Business

Skype Skates to New Low With Latest Calling Plans

Skype on Wednesday announced that it is launching subscription plans to more than 170 countries with substantial savings over the company’s standard rates for calling mobile phones and landlines.

Starting Thursday, Skype’s range of calling subscriptions will start from as little as US$1.09 per month and offer effective rates as low as $.01 per minute to almost any destination around the globe. The subscriptions will offer savings of up to 60 percent over Skype’s standard, pay-as-you-go rates, the company said.

Users of the new plans will need only to specify the countries they wish to call, along with whether they’ll be calling mobile phones, landlines or both. They’ll also be able to choose from among a wider variety of subscription plans, ranging from 60 minutes to unlimited packages. One-month, three-month and 12-month calling subscriptions will all be available.

Video Chats for Five

Also on Wednesday, reports emerged that Skype will soon begin a public beta test of its new group video chat feature.
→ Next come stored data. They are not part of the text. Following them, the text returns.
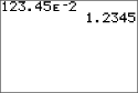 | • | â signifie « x10 » et la calculatrice interprète le nombre entier comme (1.23.45 x 10-2), comme s'il était saisi avec des parenthèses. |
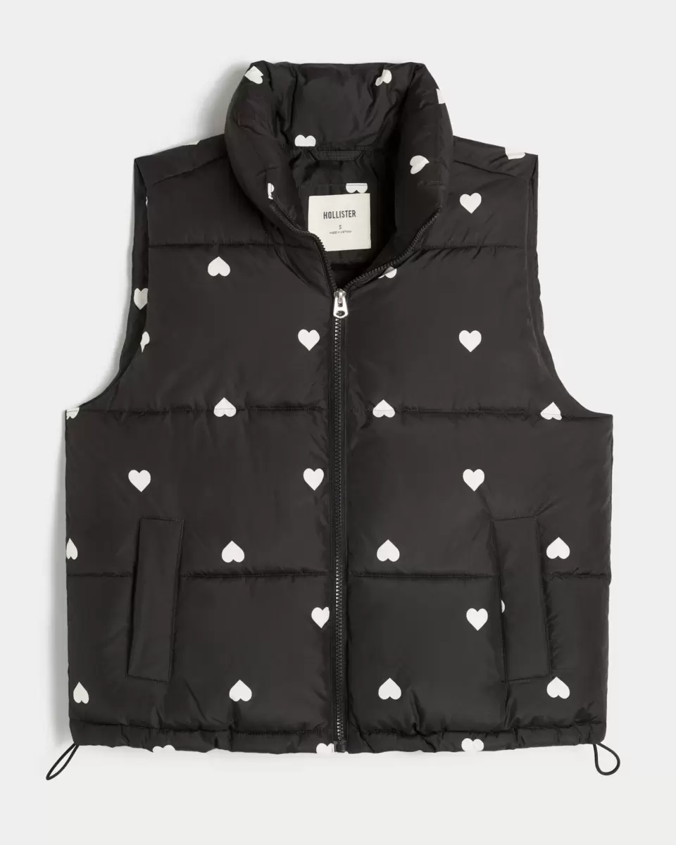 This cozy puffer vest features an all-over heart pattern and full zip-up closure. Drawcord hem, quilted channels, mock-neck collar, pockets. Imported.
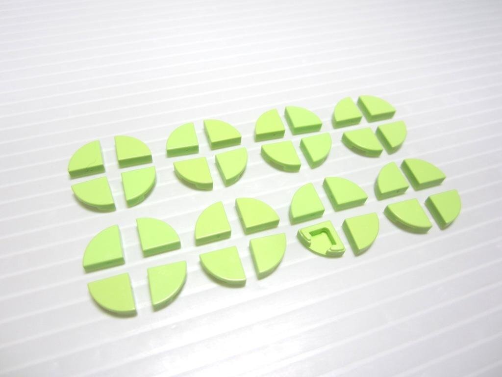 本品はパステル黄緑色の1×1タイル32点セット(扇形)です。
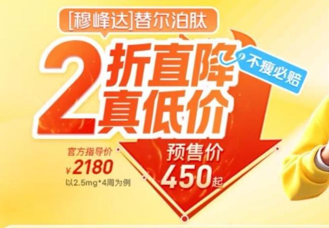 礼来的替尔泊肽虽未公开降价,但在电商平台也出现了预售促销,醒目标注“2折直降”:2.4ml:10mg/支、2.4ml:20mg/支的替尔泊肽售价分别为450元、750元,其中2.4ml:10mg/支标注“官方指导价2180元”。
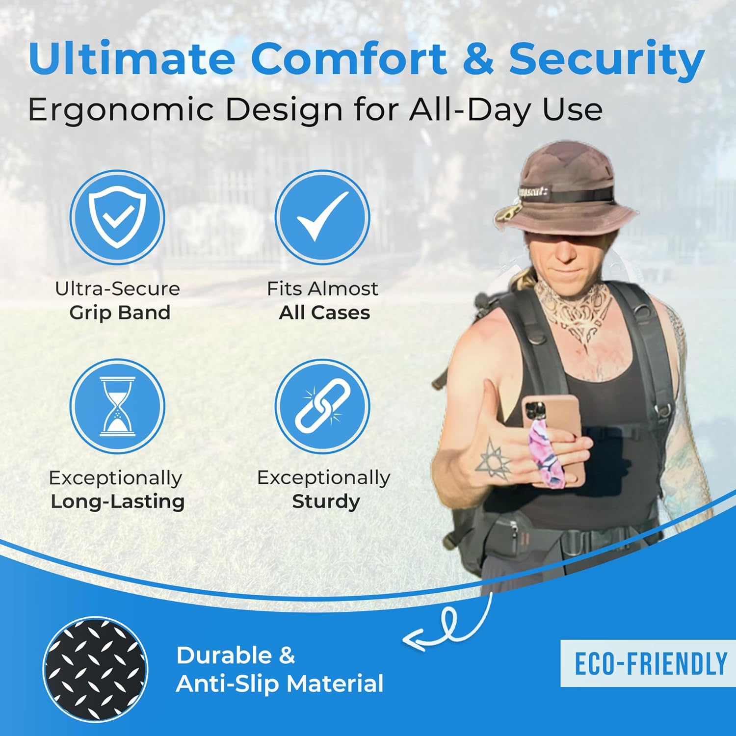 - Ergonomic, Sweat-Resistant Comfort – Featuring an anatomically designed phone finger holder with advanced sweat-resistant padding, this phone strap provides all-day comfort and a slip-proof grip, even during intense use. Whether you’re texting, gaming, or browsing one-handed, the cushioned phone finger grip molds to your finger for fatigue-free handling, while the anti-slip texture ensures a firm hold in any condition—rain, sweat, or humidity. Perfect as a phone holder for hand during active use
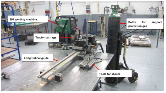 Automatic welding equipment: including sheet tooling, traction carriage on longitudinal guide rail to automatically control welding speed, Tungsten Inert Gas (TIG) welding machine to apply constant thermal input parameters, and shielding gas connection to perform welding under inert gas.
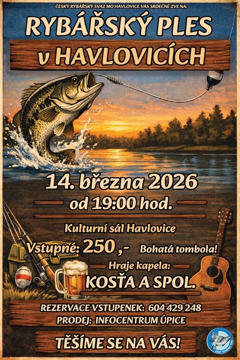 dne 14. března 2026 od 19:00 hodin se v kulturním domě v Havlovicích uskuteční Rybářský ples.
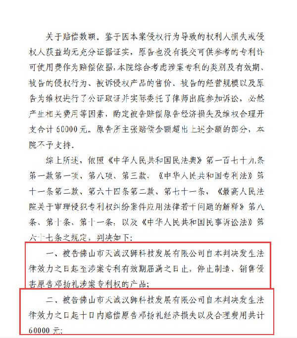 一、被告佛山市天诚汉狮科技发展有限公司自本判决发生法律效力之日起至涉案专利有效期届满之日止,停止制造、销售侵害原告邓扬礼涉案专利权的产品;
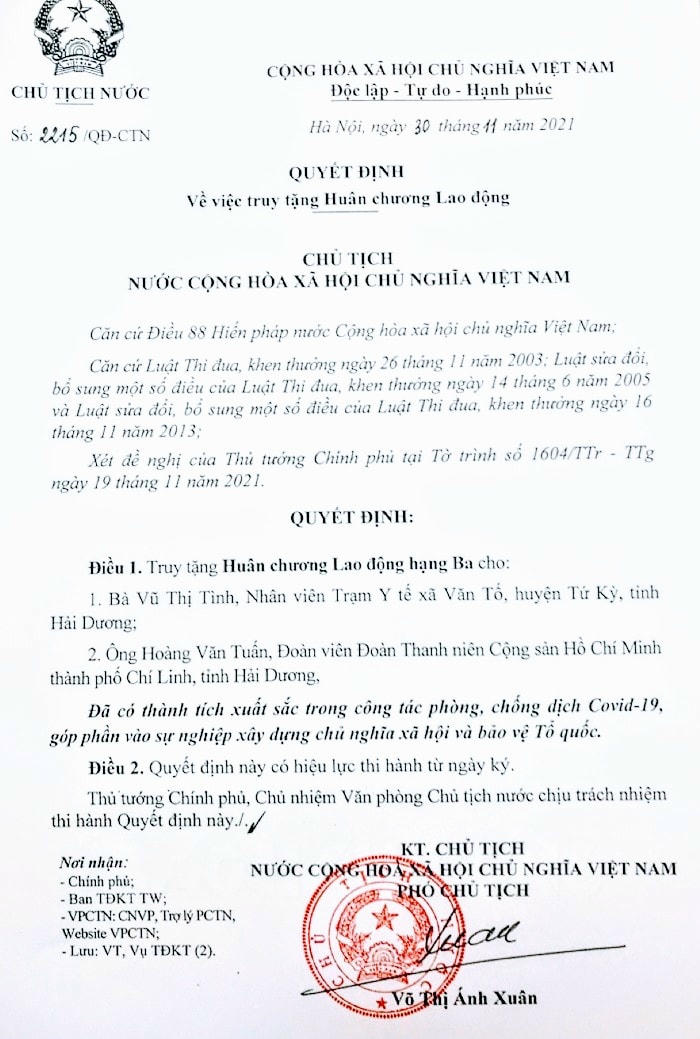 Ngày 30/11, Phó Chủ tịch nước Võ Thị Ánh Xuân đã ký quyết định số 2215/QĐ-CTN về việc truy tặng Huân chương Lao động hạng Ba cho bà Vũ Thị Tình và ông Hoàng Văn Tuấn vì có thành tích xuất sắc trong công tác phòng chống dịch Covid-19.
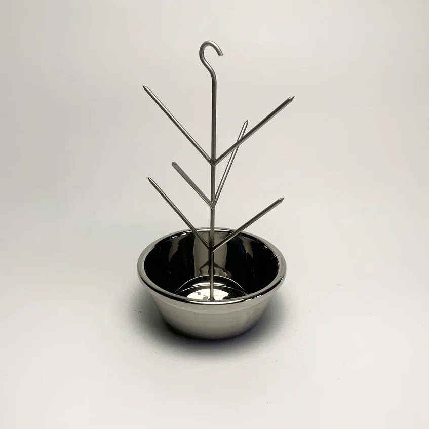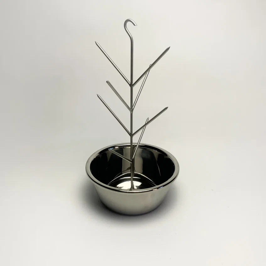 Елочка для тандыра 6 шипов с миской из нержавеющей стали (крючок) D 18/22/26/28см.
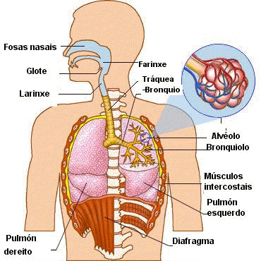 O aparato respiratorio encárgase de toma-lo osíxeno do aire e expulsa-lo dióxido de carbono ó exterior. Está formado por: fosas nasais , farinxe, larinxe, bronquios, alvéolos e pulmóns.
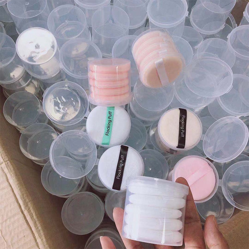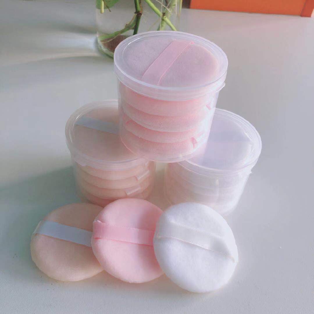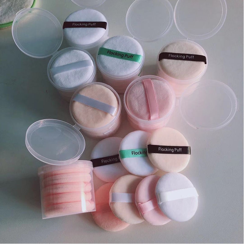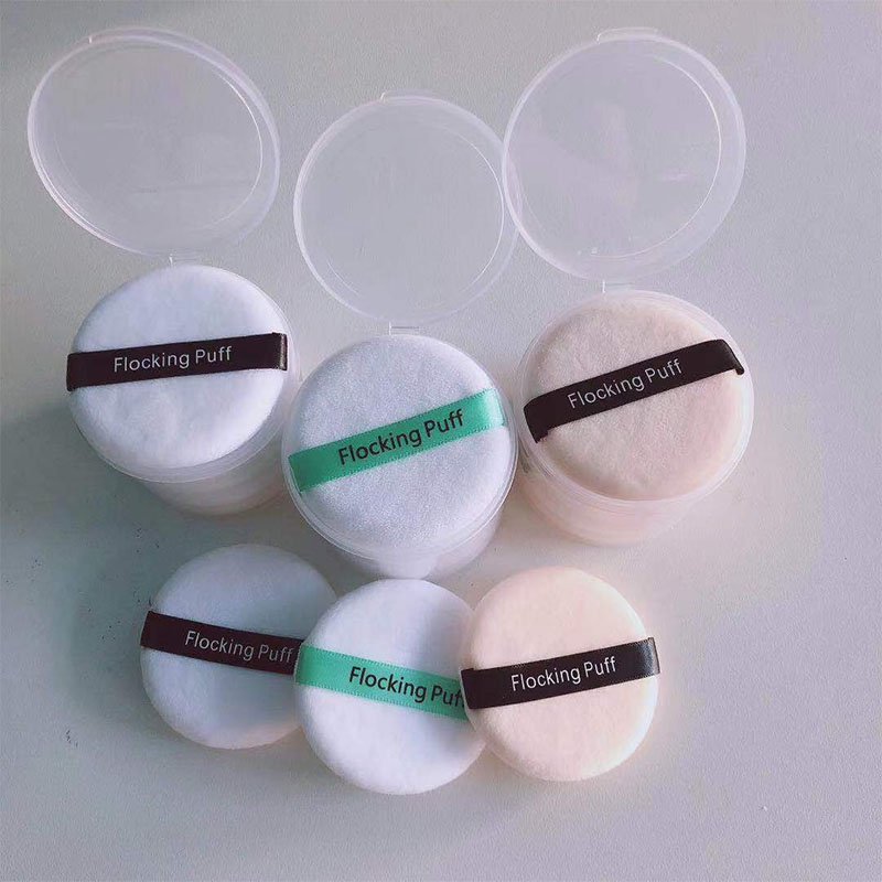 Box Box Loose Powder Loose Powder Setting Powder Puff Fine Flocking Powder Puff Round Ribbon Hook Hand Powder Puff Color Style Random (5pcs Pack)

Enabling up to five people to participate in a video call at once, the feature will be free when the beta test launches next week, the Associated Press reported. Eventually, however, Skype plans to charge a fee for the service, Neil Stevens, general manager of Skype’s consumer business segment, told the AP.

A Windows version of group video chat will reportedly launch first, followed by a Mac version later in the year.
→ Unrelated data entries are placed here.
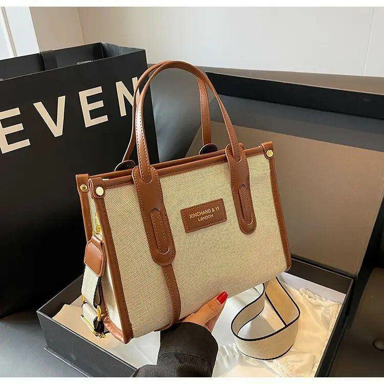Découvrez notre sac à main en toile avec détails en cuir, parfait pour un style chic et décontracté. Idéal pour les sorties quotidiennes et capable de contenir vos essentiels avec élégance.
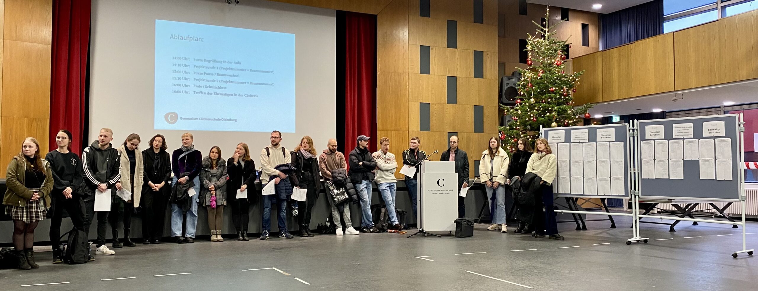 Nach längerer Corona-Pause hieß es an diesem Donnerstag endlich wieder „Ehemalige berichten“. Fast 30 ehemalige Cäci-Absolventen waren gekommen, um unseren Schülerinnen und Schülern der Jahrgänge 12 und 13 sehr persönliche und vielfältige Einblicke in ihre Zeit nach dem Abitur zu geben. Dabei standen sie für alle Fragen rund um diverse Studiengänge und Studienorte im In- und Ausland, Ausbildungsberufe, Auslandsaufenthalte, Freiwilligendienste, Stipendien und viele andere Themen zur Verfügung. Eine schöne Cäci-Vorweihnachtstradition, die hoffentlich Lust auf die bevorstehende Zeit nach dem Abitur gemacht hat. Vielen Dank an alle Ehemaligen für ihr Engagement!
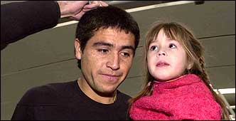 Juan Román Riquelme, junto a su hija en el aeropuerto de Ezeiza, se dispone a emprender viaje a España, donde se sumará al Barcelona de Louis van Gaal

12 Percent of Global Calls

“As part of a suite of new premium features coming out later this year, Skype offers consumers and businesses the ability to make video calls with more than one person at a time,” company spokesperson Meghan Cross told the E-Commerce Times. The initial offer will involve a free beta trial, she said. [*Update – May 5, 2010]
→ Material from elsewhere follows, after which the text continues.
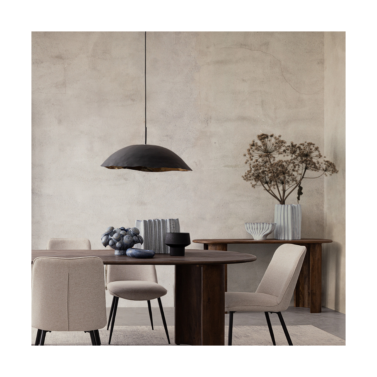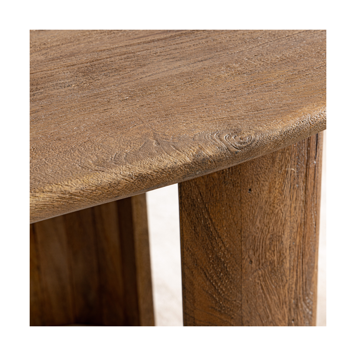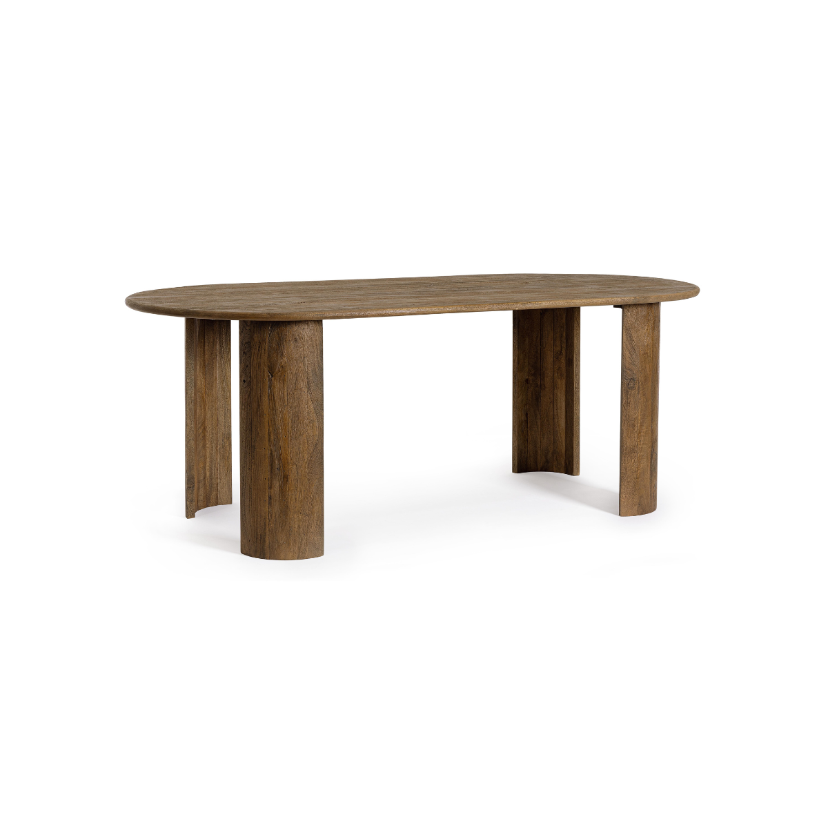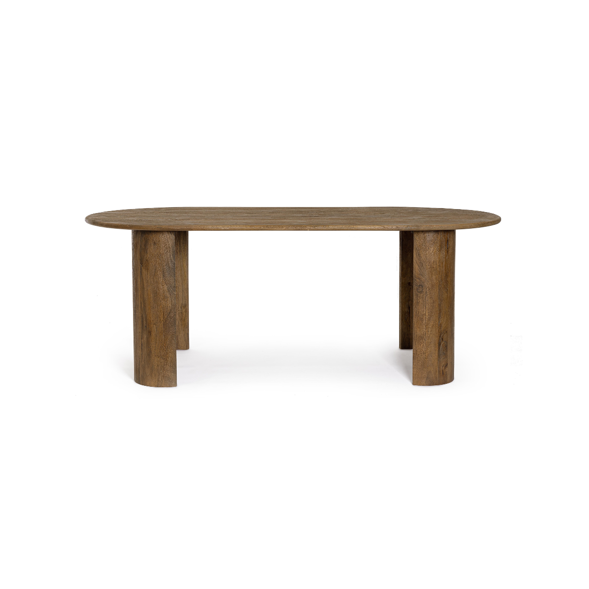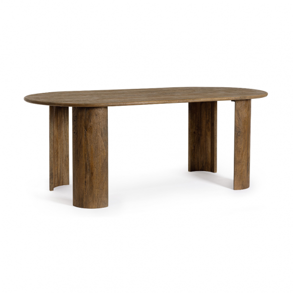 Realizzato in legno massello di mango, materiale resistente e ricco di personalità, presenta una finitura a base di nitrocellulosa che protegge la superficie valorizzando le naturali venature del legno. Il piano ovale e i toni bianco e marrone donano luminosità e calore alla stanza, rendendolo ideale per cucine e sale da pranzo dallo stile moderno o rustico contemporaneo.

Perhaps best known for providing free voice and video calling between Internet-connected computers, Skype since 2005 has also offered low-cost options for users who want to call landline or mobile phone numbers.

Calling through Skype now accounts for 12 percent of the world’s international calls, the company stated, citing TeleGeography Research data. In March, the company announced its Skype mobile service, starting with nine Verizon Wireless 3G smartphones.

Skype will continue to offer its existing Skype Credit and Pay As You Go options for non-subscribers, it said.

Turning Devices Into Phones

“With more than 500 million users globally, Skype is a growing telephony powerhouse,” Greg Sterling, founder and principal with Sterling Market Intelligence, told the E-Commerce Times.

The United States, where penetration is less, is “a growth market for the company,” Sterling added.

The company’s new pricing options “will be sure to attract more subscribers and, as the quality continues to improve, people will have more confidence using Skype as an alternative to conventional phone lines,” he said. “This is especially true in mobile, as new mobile devices like the iPad proliferate.”

In essence, “Skype makes all these devices into phones,” he pointed out.

The group video chat feature, meanwhile, “will probably also be popular,” Sterling predicted. “More generally, conference calling on Skype is also gaining adoption among businesses because it’s free.”

‘Very Innovative’

Indeed, “Skype is growing in popularity,” telecom and wireless analyst Jeff Kagan agreed. “Customers can either pay a higher per-call rate or a lower subscription rate if they make enough calls to cover the cost.”

The current expansion into other countries is part of Skype’s corporate expansion as a whole, Kagan explained.

“Skype is a very innovative smaller competitor,” he added. “Their new features are often popular among a smaller group of their current users.”

Whether the new features are “really hot, killer features” is the question, Kagan concluded. “It depends on how well they are priced and marketed and how the word spreads one way or another.”


*ECT News Network editor’s note – May 5, 2010: Meghan Cross’ statements were added after the original publication of this article.